[[ Given information, beginning ]]

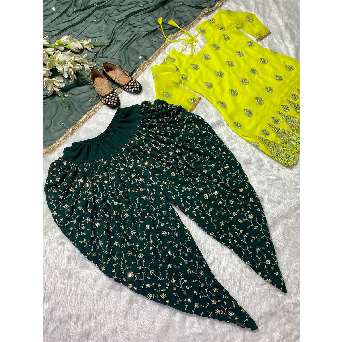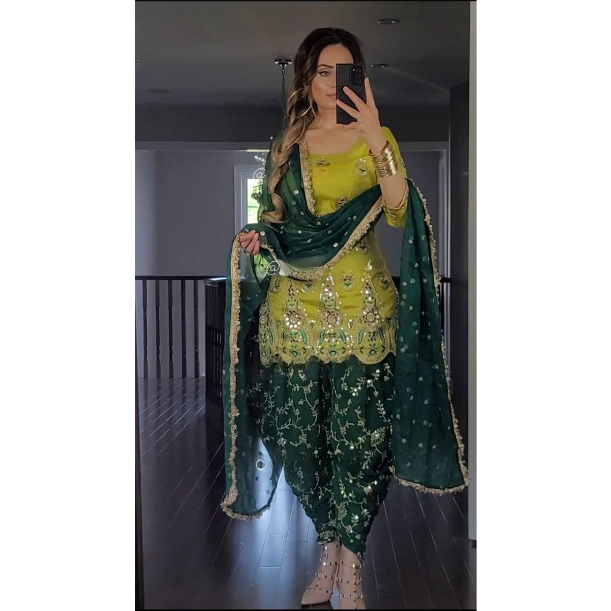 DHOTI SALWAR SHUIT Detail DHOTI SALWAR SHUIT Top Fabric:- Faux Georgette DHOTI SALWAR SHUIT Top Size:- Up To 42 Xl Free Size *(Fully Stiched) DHOTI SALWAR SHUIT Top Length :- 36 Inches DHOTI SALWAR SHUIT Top Inner:- Silk DHOTI SALWAR SHUIT Plazzo Fabric:- Faux Georgette DHOTI SALWAR SHUIT Plazzo Inner:- Silk DHOTI SALWAR SHUIT Plazzo Flair:- Xl size and Length is 43-44 DHOTI SALWAR SHUIT Dupatta Fabric:- Faux Georgette DHOTI SALWAR SHUIT Dupatta Length :- 2.20 Mtrs
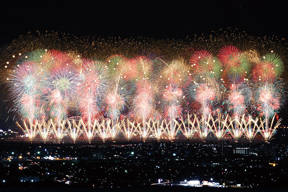 正三尺玉三連発・ミュージックスターマインなど約2万発の花火が夜空を彩るのは、日本三大花火大会の一つ「長岡まつり大花火大会」。息を飲むほど美しい大輪の花火を間近で是非!
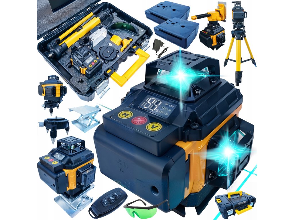 Ez a 4D 360° önszintező kereszt lézer állvánnyal zöld rendkívül nagy teljesítményű, és akár 40 méteres hatótávolságával ideális eszköz építési és szerelési munkákhoz. A zöld lézer, amely nagy láthatóságot biztosít, és automatikus szintezése lehetővé teszi vízszintes, függőleges és ferde vonalak pontos beállítását. A lézer állvánnyal és széleskörű kiegészítőkínálattal érkezik, amelyek megkönnyítik a használatát a szerelési, telepítési vagy építési munkák során.
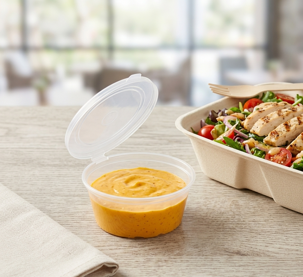 Plastikinė padažinė 60 ml su sujungtu dangteliu – pagaminta iš kokybiško plastiko, tačiau pakankamai tvirta kasdieniam naudojimui. Skaidri medžiaga leidžia lengvai matyti turinį, kas ypač aktualu greito aptarnavimo vietose. PP plastikas yra lengvai perdirbamas.
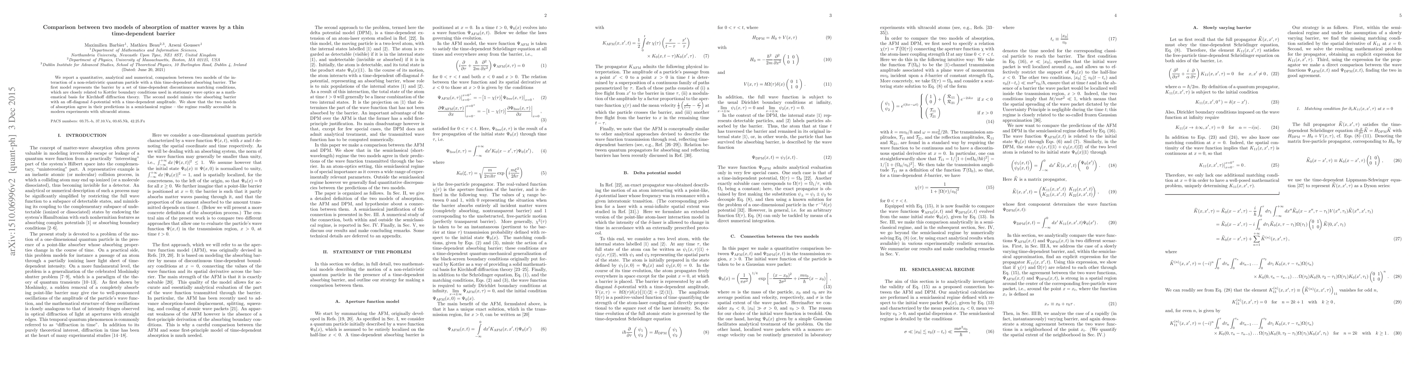 This paper compares two models for the absorption of matter waves by a thin time-dependent barrier: one using discontinuous matching conditions and the other employing an off-diagonal $\delta$-potential. The study finds both models yield consistent results in a semiclassical regime applicable to current ultracold atom experiments.

[[ Given information, end ]]

* _Exercise instructions_: Leave out the pictures and reproduce the rest of the records exactly.

* _The answer_:
 DHOTI SALWAR SHUIT Detail DHOTI SALWAR SHUIT Top Fabric:- Faux Georgette DHOTI SALWAR SHUIT Top Size:- Up To 42 Xl Free Size *(Fully Stiched) DHOTI SALWAR SHUIT Top Length :- 36 Inches DHOTI SALWAR SHUIT Top Inner:- Silk DHOTI SALWAR SHUIT Plazzo Fabric:- Faux Georgette DHOTI SALWAR SHUIT Plazzo Inner:- Silk DHOTI SALWAR SHUIT Plazzo Flair:- Xl size and Length is 43-44 DHOTI SALWAR SHUIT Dupatta Fabric:- Faux Georgette DHOTI SALWAR SHUIT Dupatta Length :- 2.20 Mtrs
 正三尺玉三連発・ミュージックスターマインなど約2万発の花火が夜空を彩るのは、日本三大花火大会の一つ「長岡まつり大花火大会」。息を飲むほど美しい大輪の花火を間近で是非!
 Ez a 4D 360° önszintező kereszt lézer állvánnyal zöld rendkívül nagy teljesítményű, és akár 40 méteres hatótávolságával ideális eszköz építési és szerelési munkákhoz. A zöld lézer, amely nagy láthatóságot biztosít, és automatikus szintezése lehetővé teszi vízszintes, függőleges és ferde vonalak pontos beállítását. A lézer állvánnyal és széleskörű kiegészítőkínálattal érkezik, amelyek megkönnyítik a használatát a szerelési, telepítési vagy építési munkák során.
 Plastikinė padažinė 60 ml su sujungtu dangteliu – pagaminta iš kokybiško plastiko, tačiau pakankamai tvirta kasdieniam naudojimui. Skaidri medžiaga leidžia lengvai matyti turinį, kas ypač aktualu greito aptarnavimo vietose. PP plastikas yra lengvai perdirbamas.
 This paper compares two models for the absorption of matter waves by a thin time-dependent barrier: one using discontinuous matching conditions and the other employing an off-diagonal $\delta$-potential. The study finds both models yield consistent results in a semiclassical regime applicable to current ultracold atom experiments.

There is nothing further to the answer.